Geoheritage case study: geotourism and geoparks in Scotland

    Research output: Chapter in Book/Report/Conference proceedingChapter (peer-reviewed)peer-review


    This chapter assesses the progress of Scotland's three geoparks in the context of the historical growth of geotourism in Scotland from the late 18th century onwards. Early geotourism had a strong experiential basis grounded in the Romantic Movement and a focus on sublime and picturesque landscapes represented in travel journals, literature and art. Conversely, modern approaches to geotourism have had a much stronger didactic focus on geoheritage interpretation, although this is now changing with recognition of the need to stimulate 'a sense of wonder' for the more general visitor compared with the dedicated geotourist. Geoparks now foster the popular appeal of geoheritage through creative activities and cultural engagement in ways that support sustainable economic development particularly in rural areas.

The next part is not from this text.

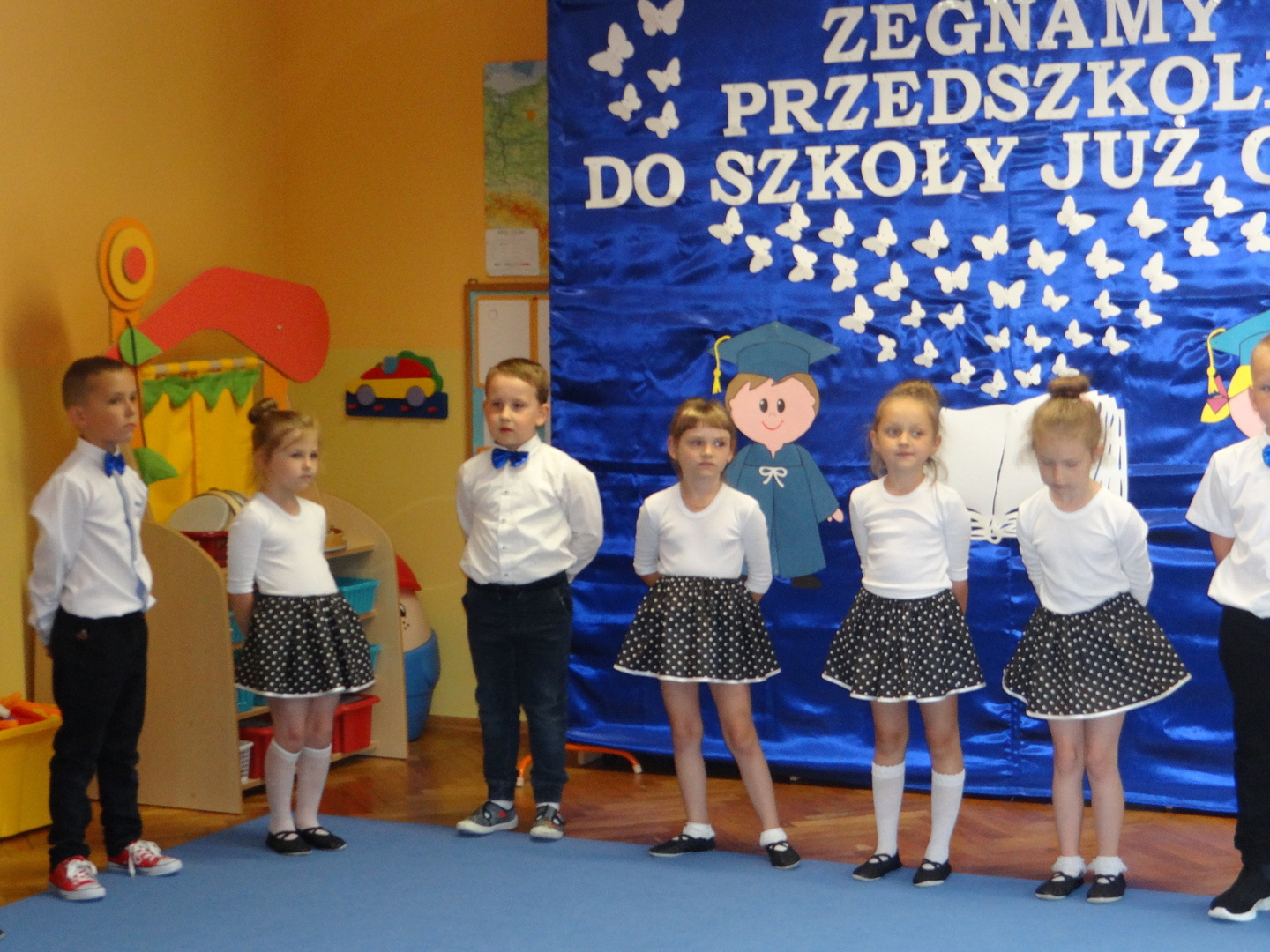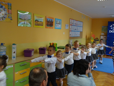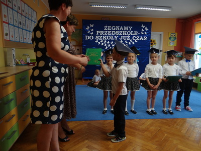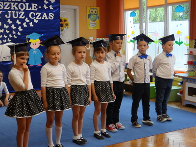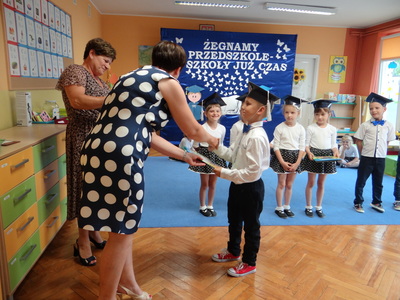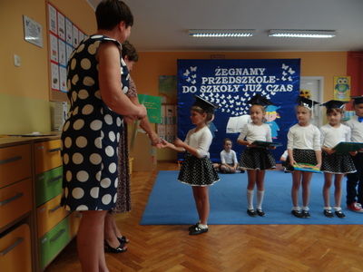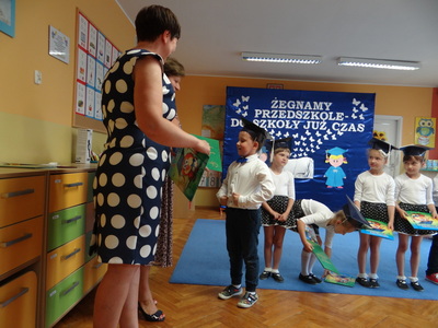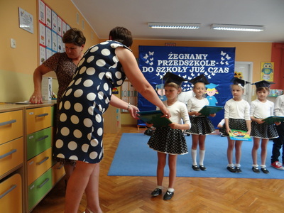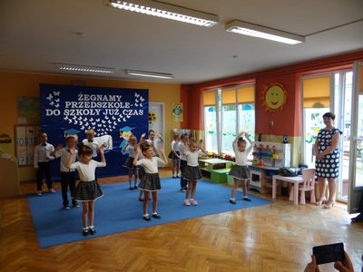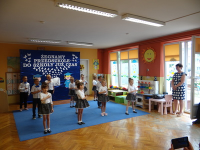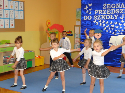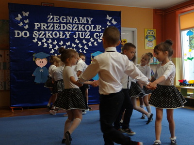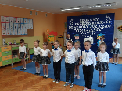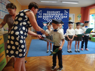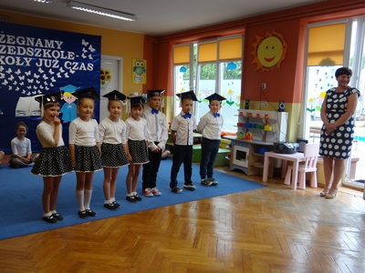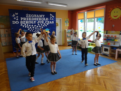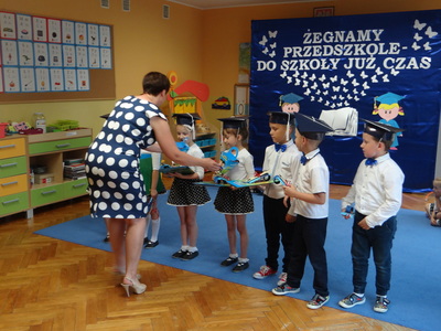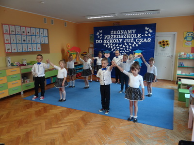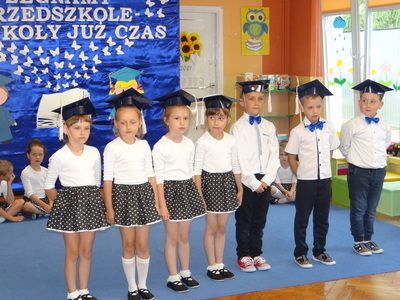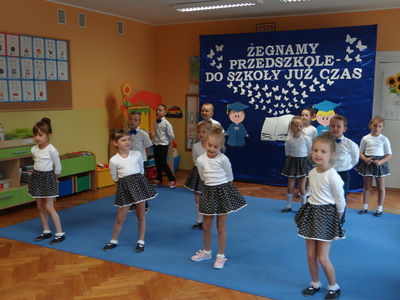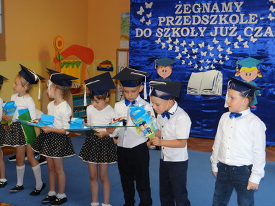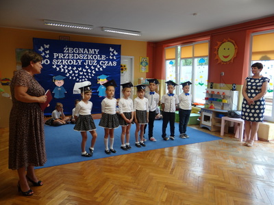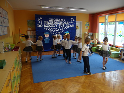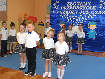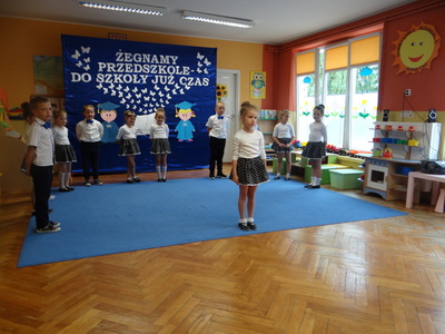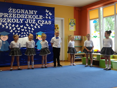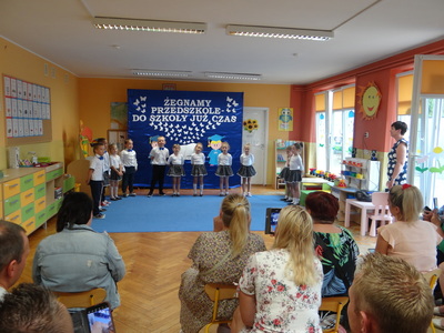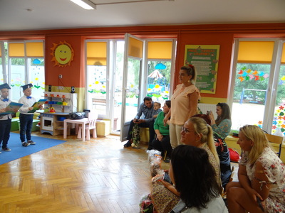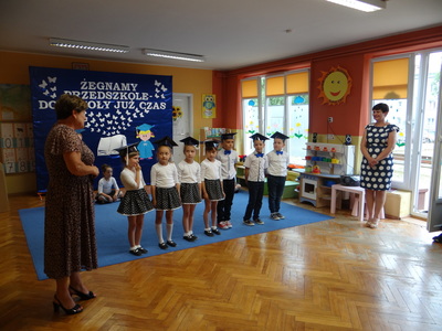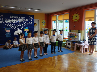 Ten dzień był zarówno pełen smutku jak i pełen radości. Smutno było żegnać przedszkole, zabawki i panie, ale zbliżające się wakacje sprawiały wielką radość. Aby więc pogodzić tę radość ze smutkiem przedszkolaki przygotowały i zaprezentowały przedstawienie dla swoich rodziców i zaproszonych gości. Dzieci pod kierunkiem wychowawczyni przygotowały występ artystyczny. Tradycyjnie uroczystość rozpoczęła się polonezem. W części artystycznej nie zabrakło wierszy, piosenek, tańców oraz podziękowań wszystkim pracownikom przedszkola i rodzicom za trud włożony w wychowanie i naukę. Starszaki stanęły na wysokości zadania i swoim występem wzbudziły wiele emocji. Za piękny występ zostały nagrodzone gromkimi brawami oraz obdarowane słodkościami.

The success of Scotland's geoparks has been tempered by a lack of long-term core funding, sustainable business and marketing models and integration of geoheritage and geotourism into broader social, economic and conservation policy and policy support measures for rural areas. Further involvement in integrated interpretation of the natural and cultural heritage and development of international partnerships to explore and promote common themes and regional geoheritage identities offer promising new opportunities to promote geoheritage and geoconservation. Geoparks have an essential part to play in supporting local communities, businesses and geoconservation, and in helping to deliver Scotland's Geodiversity Charter.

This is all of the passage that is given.